**Activity**. Give the tally of lines in the listing that include "into". No other words belong in the answer.
━━ Supplied entries
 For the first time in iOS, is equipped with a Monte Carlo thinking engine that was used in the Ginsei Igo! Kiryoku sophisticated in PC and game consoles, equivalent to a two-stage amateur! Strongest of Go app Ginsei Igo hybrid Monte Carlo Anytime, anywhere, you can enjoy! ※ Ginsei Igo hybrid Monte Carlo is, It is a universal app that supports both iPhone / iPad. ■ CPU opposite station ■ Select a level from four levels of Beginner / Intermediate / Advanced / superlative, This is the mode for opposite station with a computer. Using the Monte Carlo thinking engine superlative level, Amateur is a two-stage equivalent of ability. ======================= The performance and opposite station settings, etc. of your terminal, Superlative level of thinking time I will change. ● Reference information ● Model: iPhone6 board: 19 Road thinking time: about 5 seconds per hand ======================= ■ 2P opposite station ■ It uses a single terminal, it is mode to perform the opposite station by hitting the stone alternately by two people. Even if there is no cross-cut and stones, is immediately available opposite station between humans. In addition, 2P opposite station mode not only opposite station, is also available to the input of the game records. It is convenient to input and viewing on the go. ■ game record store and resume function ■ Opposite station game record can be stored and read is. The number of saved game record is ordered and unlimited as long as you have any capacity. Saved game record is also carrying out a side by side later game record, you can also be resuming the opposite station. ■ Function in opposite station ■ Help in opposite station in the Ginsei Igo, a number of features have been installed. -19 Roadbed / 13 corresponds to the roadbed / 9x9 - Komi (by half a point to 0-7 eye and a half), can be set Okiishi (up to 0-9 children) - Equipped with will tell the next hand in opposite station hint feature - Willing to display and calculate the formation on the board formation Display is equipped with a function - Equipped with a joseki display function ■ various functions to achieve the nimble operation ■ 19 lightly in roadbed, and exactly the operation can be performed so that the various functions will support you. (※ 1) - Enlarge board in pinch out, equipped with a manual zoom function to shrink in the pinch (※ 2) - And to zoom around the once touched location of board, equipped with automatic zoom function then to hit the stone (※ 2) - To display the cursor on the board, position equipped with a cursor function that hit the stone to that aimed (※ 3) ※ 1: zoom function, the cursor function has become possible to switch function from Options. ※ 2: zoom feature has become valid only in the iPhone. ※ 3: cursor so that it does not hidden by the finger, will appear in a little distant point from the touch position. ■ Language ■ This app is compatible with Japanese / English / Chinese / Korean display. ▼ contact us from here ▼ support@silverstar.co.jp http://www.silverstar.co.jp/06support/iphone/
━━━━
━━ Supplied entries
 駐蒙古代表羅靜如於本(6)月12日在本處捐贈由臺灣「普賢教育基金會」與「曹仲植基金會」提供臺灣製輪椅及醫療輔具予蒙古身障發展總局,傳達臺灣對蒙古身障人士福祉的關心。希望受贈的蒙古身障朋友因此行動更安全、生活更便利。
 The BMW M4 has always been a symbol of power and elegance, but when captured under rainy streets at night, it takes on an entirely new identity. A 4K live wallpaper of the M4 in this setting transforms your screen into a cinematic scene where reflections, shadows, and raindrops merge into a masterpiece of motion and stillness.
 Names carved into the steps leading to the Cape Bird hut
━━━━
**Solved exercise**. 2